_Aim of the exercise_.
Leaving pictures out, repeat word for word the line that has "كما قدّم شباب" and each line that follows it to the end of the listing.

_Source data_.
- - -

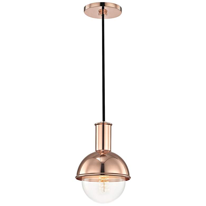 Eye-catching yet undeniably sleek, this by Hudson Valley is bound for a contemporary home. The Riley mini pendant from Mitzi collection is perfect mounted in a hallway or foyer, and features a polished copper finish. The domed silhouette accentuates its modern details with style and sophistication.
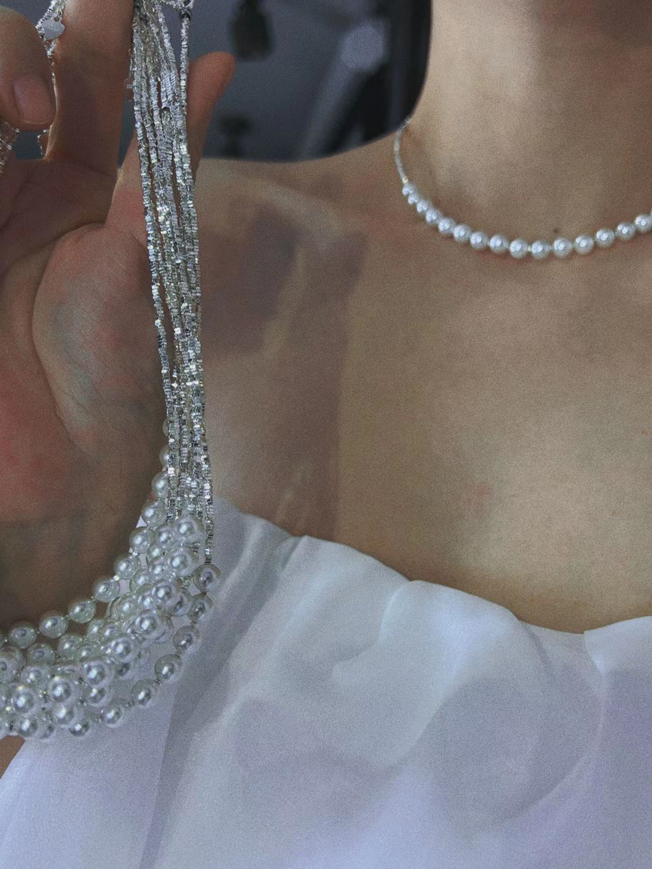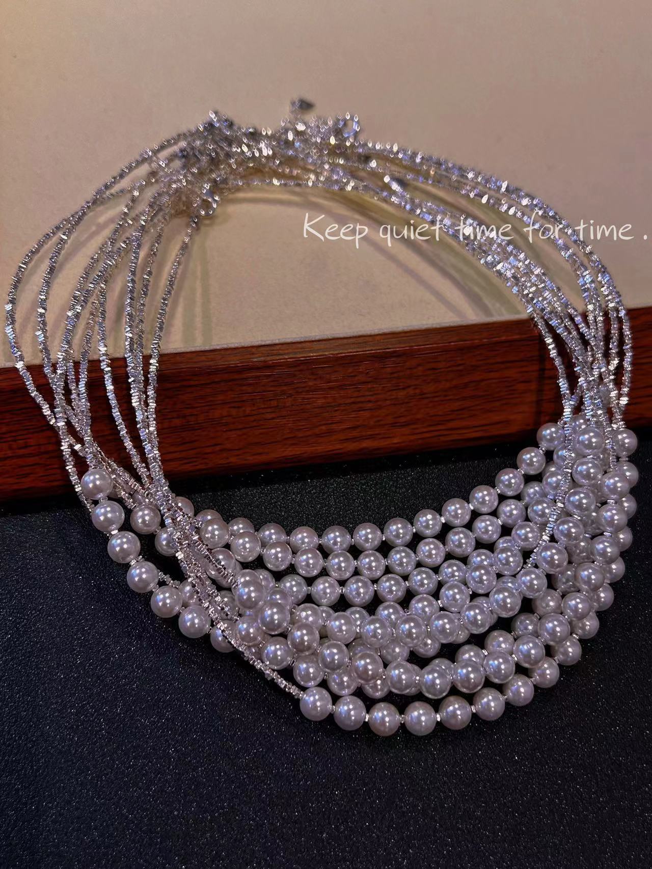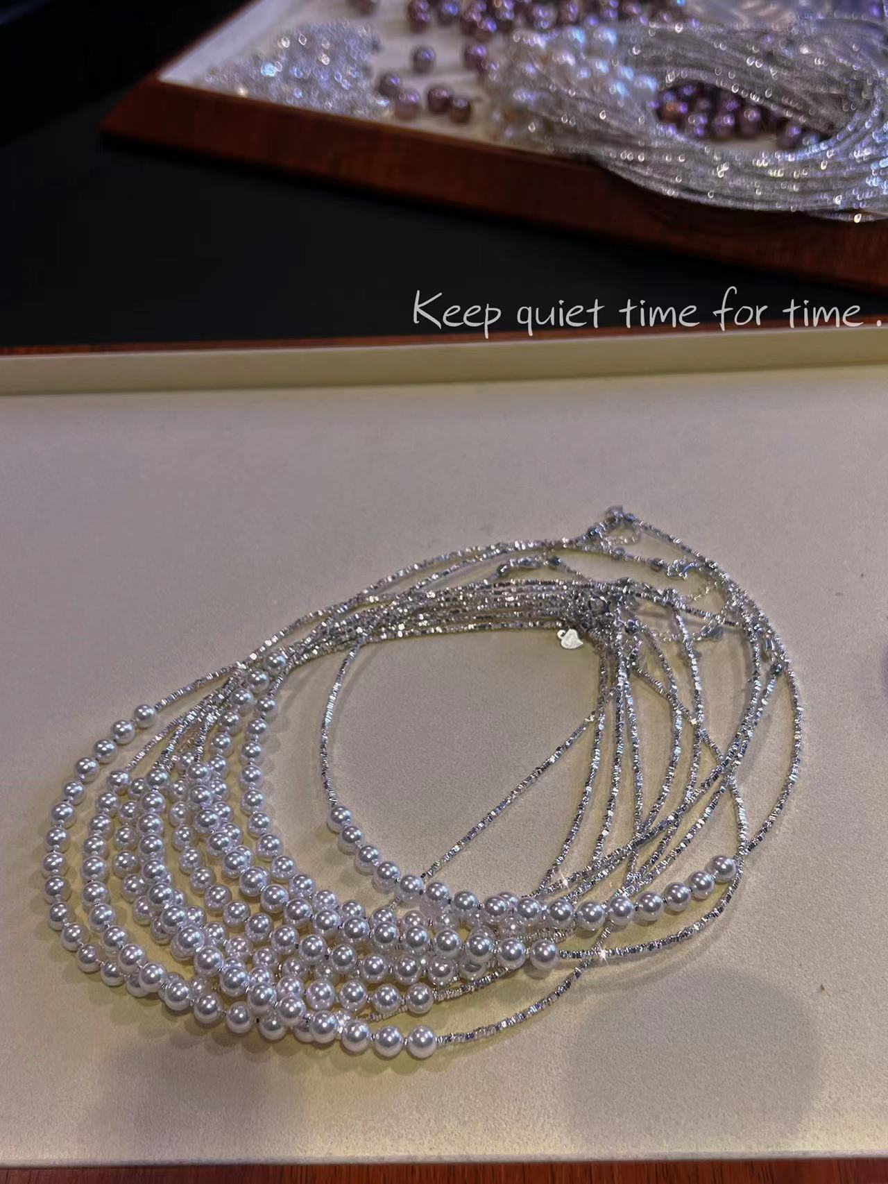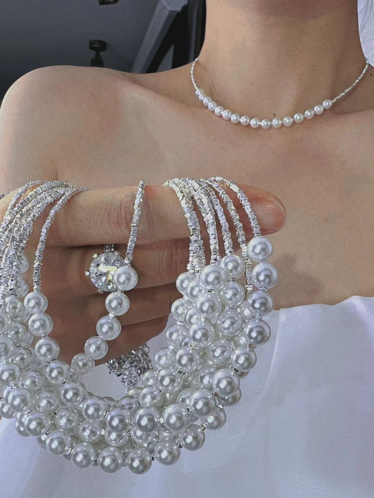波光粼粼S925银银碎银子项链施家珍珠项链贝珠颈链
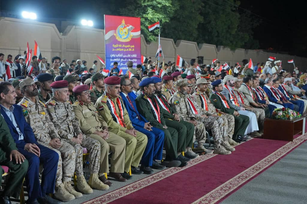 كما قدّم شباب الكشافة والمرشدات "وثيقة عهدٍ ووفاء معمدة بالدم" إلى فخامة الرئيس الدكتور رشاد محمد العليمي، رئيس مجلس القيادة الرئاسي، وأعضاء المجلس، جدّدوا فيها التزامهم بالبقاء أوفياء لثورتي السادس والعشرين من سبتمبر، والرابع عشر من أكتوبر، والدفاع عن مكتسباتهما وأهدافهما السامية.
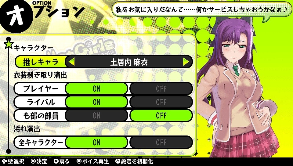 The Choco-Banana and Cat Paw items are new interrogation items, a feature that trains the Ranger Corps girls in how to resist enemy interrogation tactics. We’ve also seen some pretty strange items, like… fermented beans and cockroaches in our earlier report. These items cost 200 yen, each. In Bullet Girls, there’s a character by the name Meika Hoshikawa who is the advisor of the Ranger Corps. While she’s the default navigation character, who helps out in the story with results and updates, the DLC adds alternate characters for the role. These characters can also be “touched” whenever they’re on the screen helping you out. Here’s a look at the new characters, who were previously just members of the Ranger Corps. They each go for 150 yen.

- - -

_Output below_.
 كما قدّم شباب الكشافة والمرشدات "وثيقة عهدٍ ووفاء معمدة بالدم" إلى فخامة الرئيس الدكتور رشاد محمد العليمي، رئيس مجلس القيادة الرئاسي، وأعضاء المجلس، جدّدوا فيها التزامهم بالبقاء أوفياء لثورتي السادس والعشرين من سبتمبر، والرابع عشر من أكتوبر، والدفاع عن مكتسباتهما وأهدافهما السامية.
 The Choco-Banana and Cat Paw items are new interrogation items, a feature that trains the Ranger Corps girls in how to resist enemy interrogation tactics. We’ve also seen some pretty strange items, like… fermented beans and cockroaches in our earlier report. These items cost 200 yen, each. In Bullet Girls, there’s a character by the name Meika Hoshikawa who is the advisor of the Ranger Corps. While she’s the default navigation character, who helps out in the story with results and updates, the DLC adds alternate characters for the role. These characters can also be “touched” whenever they’re on the screen helping you out. Here’s a look at the new characters, who were previously just members of the Ranger Corps. They each go for 150 yen.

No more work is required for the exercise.